Children's Hospital of Eastern Ontario Research Institute, 401 Smyth Road, Ottawa, Ontario K1J 8L1, Canada.
BMC Med Inform Decis Mak. 2010 Apr 2;10:18. doi: 10.1186/1472-6947-10-18.
A common disclosure control practice for health datasets is to identify small geographic areas and either suppress records from these small areas or aggregate them into larger ones. A recent study provided a method for deciding when an area is too small based on the uniqueness criterion.

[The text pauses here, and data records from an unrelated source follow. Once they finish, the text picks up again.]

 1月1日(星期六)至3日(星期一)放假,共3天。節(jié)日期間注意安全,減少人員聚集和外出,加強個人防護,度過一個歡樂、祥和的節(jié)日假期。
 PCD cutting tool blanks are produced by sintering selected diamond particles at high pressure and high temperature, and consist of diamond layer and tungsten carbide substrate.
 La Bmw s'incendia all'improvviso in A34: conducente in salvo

The uniqueness criterion stipulates that an the area is no longer too small when the proportion of unique individuals on the relevant variables (the quasi-identifiers) approaches zero. However, using a uniqueness value of zero is quite a stringent threshold, and is only suitable when the risks from data disclosure are quite high. Other uniqueness thresholds that have been proposed for health data are 5% and 20%.
We estimated uniqueness for urban Forward Sortation Areas (FSAs) by using the 2001 long form Canadian census data representing 20% of the population. We then constructed two logistic regression models to predict when the uniqueness is greater than the 5% and 20% thresholds, and validated their predictive accuracy using 10-fold cross-validation. Predictor variables included the population size of the FSA and the maximum number of possible values on the quasi-identifiers (the number of equivalence classes).

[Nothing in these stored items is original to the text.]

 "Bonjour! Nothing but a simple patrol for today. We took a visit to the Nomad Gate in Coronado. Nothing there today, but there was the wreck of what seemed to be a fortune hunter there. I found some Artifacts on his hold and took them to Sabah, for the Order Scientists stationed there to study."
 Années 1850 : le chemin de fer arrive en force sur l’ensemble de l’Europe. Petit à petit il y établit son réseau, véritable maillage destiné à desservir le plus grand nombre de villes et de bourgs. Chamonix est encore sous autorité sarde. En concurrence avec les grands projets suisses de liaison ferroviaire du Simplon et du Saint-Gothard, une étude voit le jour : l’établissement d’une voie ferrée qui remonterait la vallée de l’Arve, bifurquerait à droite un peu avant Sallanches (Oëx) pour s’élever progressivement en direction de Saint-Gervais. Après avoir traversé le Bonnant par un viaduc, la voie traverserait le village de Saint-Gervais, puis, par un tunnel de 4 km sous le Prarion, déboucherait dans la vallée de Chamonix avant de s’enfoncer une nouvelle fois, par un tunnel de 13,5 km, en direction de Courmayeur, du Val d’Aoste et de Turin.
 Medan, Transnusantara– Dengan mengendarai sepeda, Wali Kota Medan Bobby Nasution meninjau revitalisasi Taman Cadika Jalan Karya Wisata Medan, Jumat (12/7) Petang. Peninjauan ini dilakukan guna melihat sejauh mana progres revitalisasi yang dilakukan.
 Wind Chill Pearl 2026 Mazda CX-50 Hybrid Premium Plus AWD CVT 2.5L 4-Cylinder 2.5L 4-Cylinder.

All model parameters were significant and the models had very high prediction accuracy, with specificity above 0.9, and sensitivity at 0.87 and 0.74 for the 5% and 20% threshold models respectively. The application of the models was illustrated with an analysis of the Ontario newborn registry and an emergency department dataset. At the higher thresholds considerably fewer records compared to the 0% threshold would be considered to be in small areas and therefore undergo disclosure control actions. We have also included concrete guidance for data custodians in deciding which one of the three uniqueness thresholds to use (0%, 5%, 20%), depending on the mitigating controls that the data recipients have in place, the potential invasion of privacy if the data is disclosed, and the motives and capacity of the data recipient to re-identify the data.

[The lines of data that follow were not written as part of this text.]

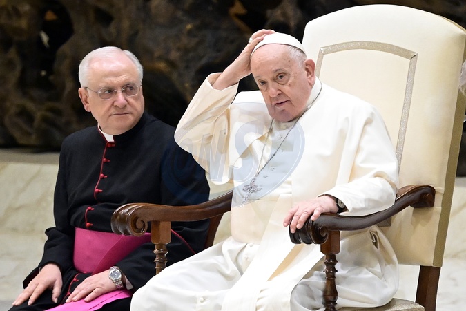 Leonardo Sapienza, Pope Francis attends his weekly general audience in Paul VI Hall, Vatican City, 06 December 2023., Credit:Maria Laura Antonelli / Avalon
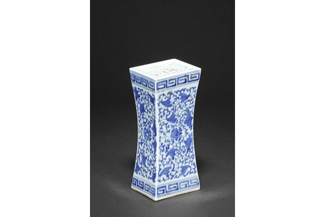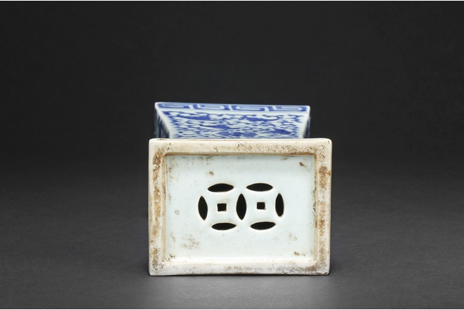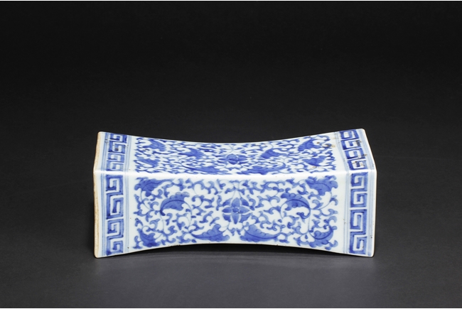 Of waisted rectangular form, the small pillow’s exterior painted with intertwining flowers, leaves, and branches, flanked by key-fret patterns on both ends, each bottom with double coin symbol. Qing Dynasty period
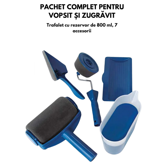 Pachetul complet pentru vopsit si zugravit S DEPOT® ofera o solutie eficienta si rapida pentru orice proiect de zugravit. Acest set profesional iti permite sa vopsesti pereti, tavane sau garduri fara a face dezordine si fara a pierde timp cu imbibarea trafaletului in vopsea. Sistemul inovativ cu rezervor integrat elimina nevoia de a folosi traditionalele tavite pentru vopsea, iar trafaletul asigura o acoperire uniforma, fara scurgeri sau stropi nedoriti.
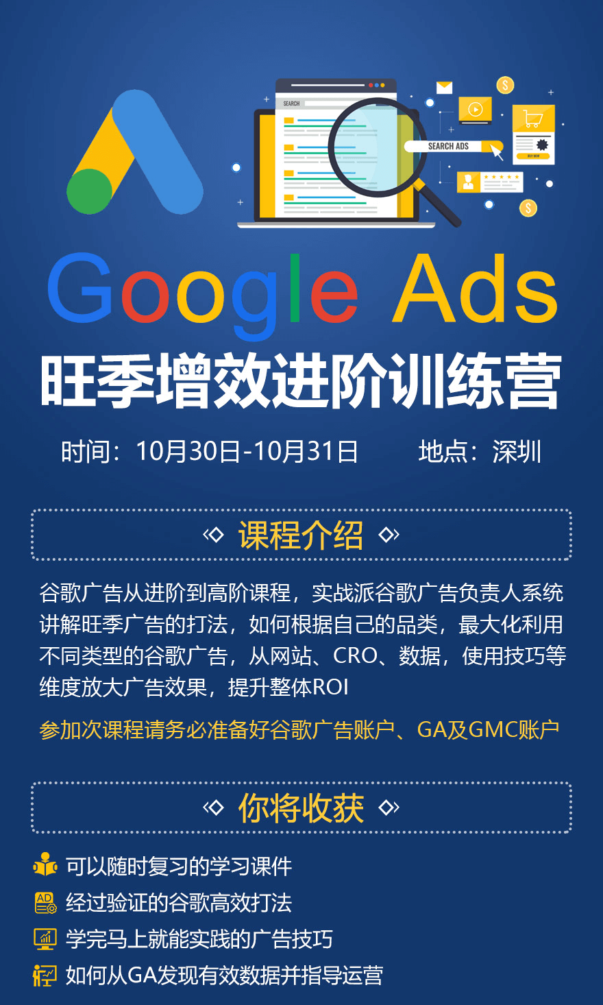 在旺季,除了要选品精准之外,还需要广告打得好。优乐出海将在10月30日举办线下培训课啦,跨境电商谷歌广告投放即将开课啦!
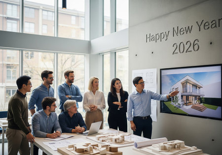A team of architects and professionals are gathered around a table, reviewing a building design displayed on a large screen. The scene suggests a New Year planning session for 2026.
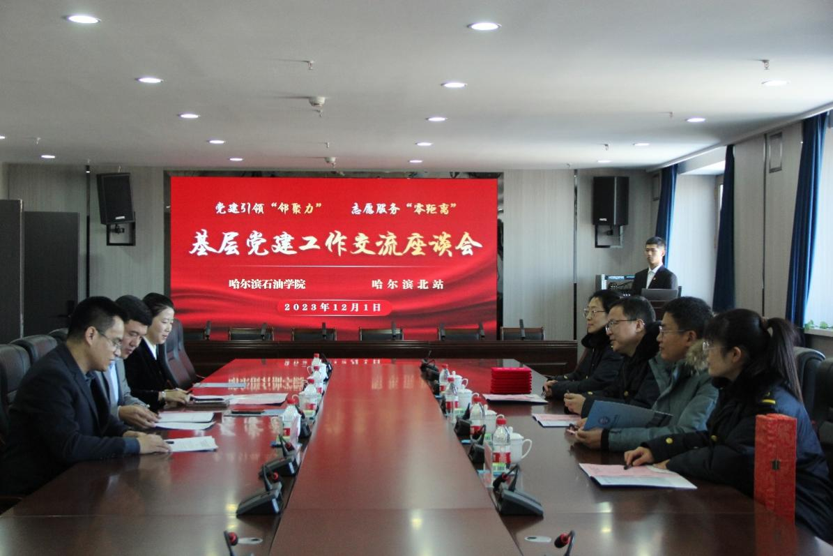 座谈会上,党委副书记、副校长冯研对哈尔滨北站领导一行到来表示热烈欢迎,并对万博官网办学历史、办学理念及教育教学取得的成就等作详细介绍。他表示,学校注重加强大学生思想政治工作和教育管理,紧扣应用型本科高校办学要求,持续推进内涵发展和特色发展,着力培养适应区域行业经济社会发展的高素质应用型人才。希望以本次基层党建交流为契机,进一步加强友邻单位之间互联互通,加强党建交流凝聚合力,互学互鉴共促提升。

The models we developed can be used to manage the re-identification risk from small geographic areas. Being able to choose among three possible thresholds, a data custodian can adjust the definition of "small geographic area" to the nature of the data and recipient.
对于医疗数据集,一种常见的披露控制实践是标识小的地理区域,要么从这些小区域中删除记录,要么将它们汇总到更大的区域中。最近的一项研究提供了一种基于独特性标准来确定区域是否过小的方法。独特性标准规定,当相关变量(准标识符)上的唯一个体比例接近零时,该区域不再过小。然而,使用零的独特性值是一个相当严格的阈值,仅当数据披露的风险相当高时才适用。其他针对医疗数据提出的独特性阈值为 5%和 20%。
我们使用代表 20%人口的 2001 年加拿大长式普查数据来估计城市 FSA 的独特性。然后,我们构建了两个逻辑回归模型来预测独特性何时大于 5%和 20%的阈值,并使用 10 折交叉验证来验证其预测准确性。预测变量包括 FSA 的人口规模和准标识符上可能的值的最大值(等价类的数量)。
所有模型参数均具有统计学意义,并且模型具有非常高的预测准确性,特异性均高于 0.9,对于 5%和 20%阈值模型,敏感性分别为 0.87 和 0.74。通过对安大略省新生儿登记处和急诊科数据集的分析,说明了模型的应用。在较高的阈值下,与 0%阈值相比,将有相当少的记录被认为是在小区域内,因此将进行披露控制操作。我们还为数据保管人提供了具体的指导,以根据数据接收方已实施的减轻控制措施、数据披露可能侵犯的隐私、数据接收方重新识别数据的动机和能力,来决定使用三个独特性阈值之一(0%、5%、20%)。
我们开发的模型可用于管理来自小地理区域的重新识别风险。数据保管人可以通过在三种可能的阈值之间进行选择,根据数据和接收方的性质来调整“小地理区域”的定义。